The problem is not in generation. Firstly, it pollutes the blockchain with single use addresses, though I guess maybe people don’t care. But AFAIK, the website would need to pay fees on a per-wallet-transaction basis when cashing out right? Payments need to pay fees anyway, but cashing out from a single wallet would be cheaper than this mess.
probably? Normally you’d just say “send $5 to xyz” and the user copy-pastes the number and address to their wallet. It’s like sending a wire transfer.
> Firstly, it pollutes the blockchain with single use addresses
UTXO blockchains like Bitcoin were designed with the assumption that each address will only be used for 1 transaction for privacy reasons. There are no per-address fees to cash out. The fees sorta scale with how many UTXOs (incoming transactions) you’re combining to form an outgoing transaction.

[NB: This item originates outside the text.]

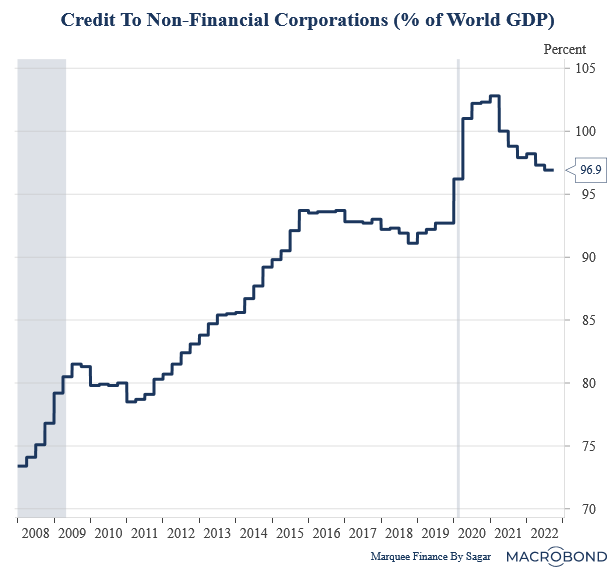 Since the GFC, the private sector has accumulated a lot of leverage (96% of the world GDP), and unsurprisingly, more than half of this debt is dollar-denominated (around $12 trillion).

So let's say pornhub takes bitcoin (can't check, as I'm in a public place). It still needs a refunds and frauds department for those payments, no?
And pornhub does take credit cards. Yes, the fees are higher. But largely because the chargebacks are more common (spouse finds out, buyer feigns ignorance).
What's SSM in this context?
I don't understand where the issue with refunding crypto should be. It's also way cheaper than what stripe, PayPal or co charges if users issue refunds. Personally I only save money by using crypto, I save thousands of dollars in transaction and chargeback fees every year. For me as merchants it's a non brainer.
I also use crypto as a customer but I usually trust these companies before I send money. The swiss Amazon is accepting crypto for example, as customer I trust them and all customer protections laws apply as well.
Ethereum and it’s many stablecoin tokens, Solana, Polkadot, Tezos, all do not have fixed supply and may be inflationary at times.
Honest question: Have you run that past a lawyer? Chargebacks are partially based in law, so while you could be saving money now, it could be by building up more and more legal liability and risk.
But maybe you'll be fine, because you refund any and all refund requests.
The best "comparison" I can make is this: - I buy random shit online every now and then, also from Amazon. That one souvenir I got for me and a friend was about 40 dollars worth, and I paid with crypto that time. - I buy steam games maybe one every 3 months? So buying that one game with crypto is a small percentage, yes, but also probably the next game I'll get will also be with crypto payment, so it will increase the percentage slowly? - For the service, I have paid maybe 15 dollars for similar services in my life. That one that accepts crypto is also the best one I have found yet, and to that I have paid about 80 dollars so far. So for that, the percentage is up there, and I'll continue paying them that way!
His experience was that basically nobody who asks for it are asking because they are potential customers, but because more sites showing the bitcoin logo means their Bitcoin portfolio goes up because people start believing it's real.
Asking for cryptocurrency options is basically market manipulation, not an actual request.